• [What the task asks]
Only one portion of the data is to be written out: from the line bearing "t rex - marc" through the line bearing "9、新建一个图层,填充暗红色". Write it exactly as it appears.

Records contained in a dataset
◇ ◇ ◇

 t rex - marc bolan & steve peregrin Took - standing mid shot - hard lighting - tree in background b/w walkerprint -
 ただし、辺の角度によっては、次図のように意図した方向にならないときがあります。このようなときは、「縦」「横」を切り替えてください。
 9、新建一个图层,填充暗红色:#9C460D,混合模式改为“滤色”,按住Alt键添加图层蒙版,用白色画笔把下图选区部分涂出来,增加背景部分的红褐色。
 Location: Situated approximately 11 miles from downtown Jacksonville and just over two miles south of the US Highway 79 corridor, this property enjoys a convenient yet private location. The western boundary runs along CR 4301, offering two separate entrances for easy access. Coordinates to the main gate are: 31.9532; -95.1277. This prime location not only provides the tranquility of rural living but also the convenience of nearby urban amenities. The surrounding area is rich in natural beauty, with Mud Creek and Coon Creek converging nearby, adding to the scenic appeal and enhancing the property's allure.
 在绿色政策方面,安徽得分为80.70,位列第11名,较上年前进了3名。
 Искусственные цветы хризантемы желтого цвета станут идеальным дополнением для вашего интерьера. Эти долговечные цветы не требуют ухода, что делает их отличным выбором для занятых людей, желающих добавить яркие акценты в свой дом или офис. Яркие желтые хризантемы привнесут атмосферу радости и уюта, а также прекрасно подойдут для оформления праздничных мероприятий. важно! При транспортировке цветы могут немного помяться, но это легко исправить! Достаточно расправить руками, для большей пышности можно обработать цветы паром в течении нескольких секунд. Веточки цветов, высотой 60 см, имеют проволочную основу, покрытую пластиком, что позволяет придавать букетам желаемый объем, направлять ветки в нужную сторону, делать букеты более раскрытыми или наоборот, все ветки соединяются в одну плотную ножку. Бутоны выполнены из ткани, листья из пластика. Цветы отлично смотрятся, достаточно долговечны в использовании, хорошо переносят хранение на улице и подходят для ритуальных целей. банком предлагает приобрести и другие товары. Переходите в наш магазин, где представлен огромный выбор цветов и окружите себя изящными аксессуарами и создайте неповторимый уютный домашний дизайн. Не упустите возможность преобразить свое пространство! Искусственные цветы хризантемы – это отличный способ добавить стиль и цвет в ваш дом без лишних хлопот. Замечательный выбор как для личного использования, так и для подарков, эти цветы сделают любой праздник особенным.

◇ ◇ ◇

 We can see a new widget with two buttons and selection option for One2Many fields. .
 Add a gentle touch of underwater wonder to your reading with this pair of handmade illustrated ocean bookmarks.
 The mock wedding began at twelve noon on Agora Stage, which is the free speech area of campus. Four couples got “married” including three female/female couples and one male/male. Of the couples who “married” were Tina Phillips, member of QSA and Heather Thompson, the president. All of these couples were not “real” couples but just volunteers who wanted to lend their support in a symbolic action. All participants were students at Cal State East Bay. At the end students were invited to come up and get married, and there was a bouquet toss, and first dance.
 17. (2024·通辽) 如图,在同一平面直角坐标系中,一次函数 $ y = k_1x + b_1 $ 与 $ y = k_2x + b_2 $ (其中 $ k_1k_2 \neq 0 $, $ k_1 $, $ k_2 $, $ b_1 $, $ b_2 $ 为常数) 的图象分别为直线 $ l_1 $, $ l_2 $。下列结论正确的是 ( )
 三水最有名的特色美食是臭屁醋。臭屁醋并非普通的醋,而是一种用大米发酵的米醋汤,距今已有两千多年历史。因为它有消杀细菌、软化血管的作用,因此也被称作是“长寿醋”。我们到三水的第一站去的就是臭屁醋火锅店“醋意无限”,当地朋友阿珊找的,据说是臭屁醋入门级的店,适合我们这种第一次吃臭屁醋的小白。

◇ ◇ ◇

• [Exercise response]
 t rex - marc bolan & steve peregrin Took - standing mid shot - hard lighting - tree in background b/w walkerprint -
 ただし、辺の角度によっては、次図のように意図した方向にならないときがあります。このようなときは、「縦」「横」を切り替えてください。
 9、新建一个图层,填充暗红色:#9C460D,混合模式改为“滤色”,按住Alt键添加图层蒙版,用白色画笔把下图选区部分涂出来,增加背景部分的红褐色。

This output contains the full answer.